10.8 Function documentation with Roxygen2

When you’re writing functions, especially if you’re planning to share your code or use it in the future, it’s important to document what the function does, what inputs it expects, and what it returns. The Roxygen2 package in R makes this easy.

# Install the roxygen2 package
install.packages("roxygen2")

Roxygen2 uses specially formatted comments that start with #’ to generate documentation for your functions that is universally known by other R programmers. Here’s an example of how to use roxygen2 to document a function:

#' Calculate the mean of a vector
#'
#' This function calculates the mean of a vector, excluding NA values.
#'
#' @param x A numeric vector.
#' @return The mean of the vector, excluding NA values.
#' @examples
#' calculate_mean(c(1, 2, 3, NA))
calculate_mean <- function(x) {
  mean(x, na.rm = TRUE)
}

10.9 Automated code styling

While adhering to coding style guidelines is crucial, it can sometimes be challenging to manage manually. Thankfully, R has several packages to help with this:

10.9.1 styler

The styler package can automatically format your R code to adhere to the tidyverse style guide without changing the code’s behavior.

# Install the styler package
install.packages("styler")

# Load the styler package
library(styler)

# Style a single line of code
style_text("a=1+2")

# Style an entire script
style_file("path/to/your/script.R")

# Style an entire package
style_pkg("path/to/your/package")

10.9.2 lintr

The lintr package provides static code analysis for R, enforcing good coding style.
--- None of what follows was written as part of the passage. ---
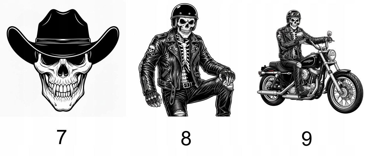 Wybierz nr grafiki oraz podaj informację czy chcesz otrzymać grafikę na czarną - ciemną czy białą - jasną koszulkę: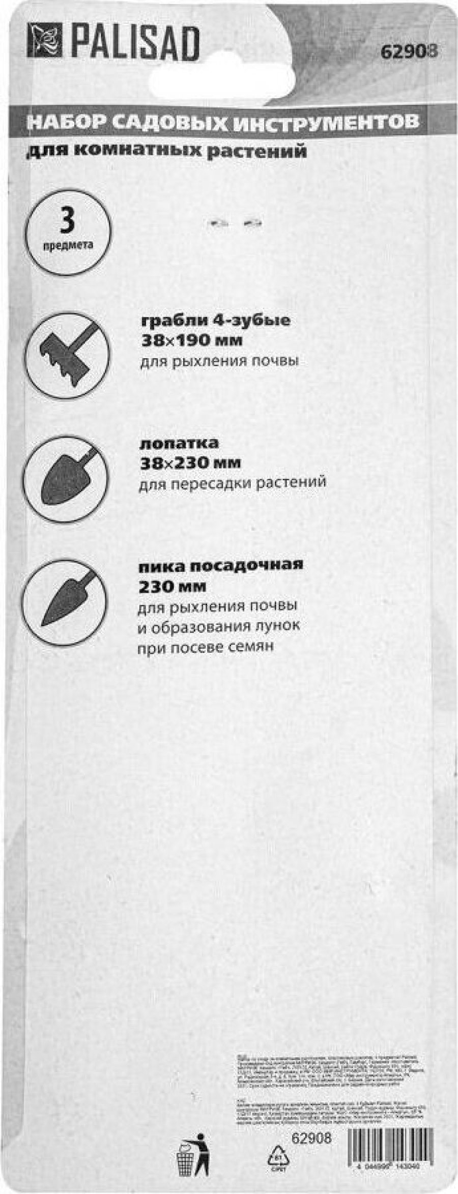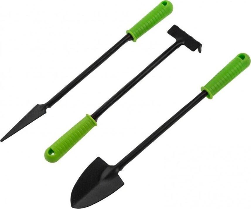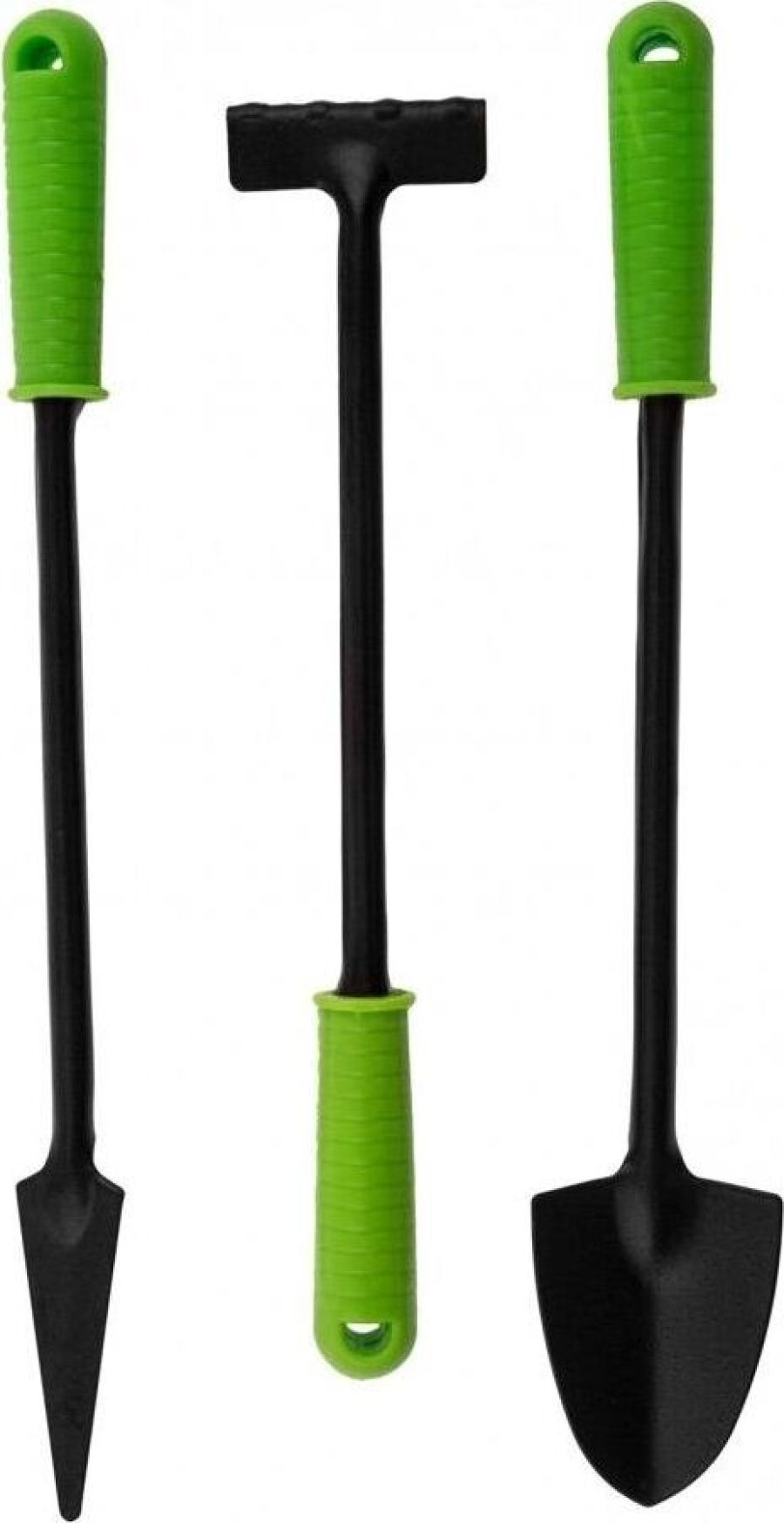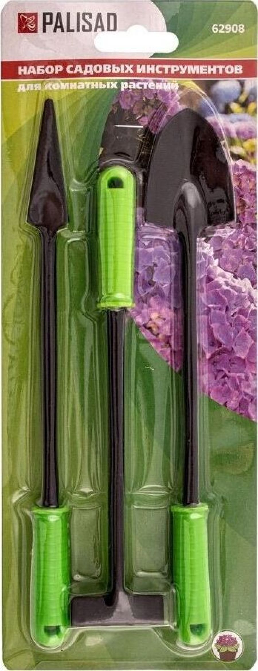 Набор инструмента предназначен для работ по уходу за комнатными растениями и цветами. В состав набора входят: Лопатка 38х230 мм Грабли четырехзубые 38х190 мм Пика посадочная 230 мм Особенности Инструмент изготовлен из конструкционной стали и покрыт порошковой эмалью Снабжен пластиковой рукояткой Преимущества Надежный, долговечный инструмент Не подвержен коррозии Комплектация Лопатка - 1 шт. Грабли четырехзубые - 1 шт. Пика посадочная - 1 шт.

It can be integrated with various text editors, including RStudio.

# Install the lintr package
install.packages("lintr")

# Load the lintr package
library(lintr)

# Lint a single file
lint("path/to/your/script.R")

# Lint an entire package
lint_package("path/to/your/package")

The lint() function returns a list of issues with your code, including stylistic issues, syntax errors, and potential bugs.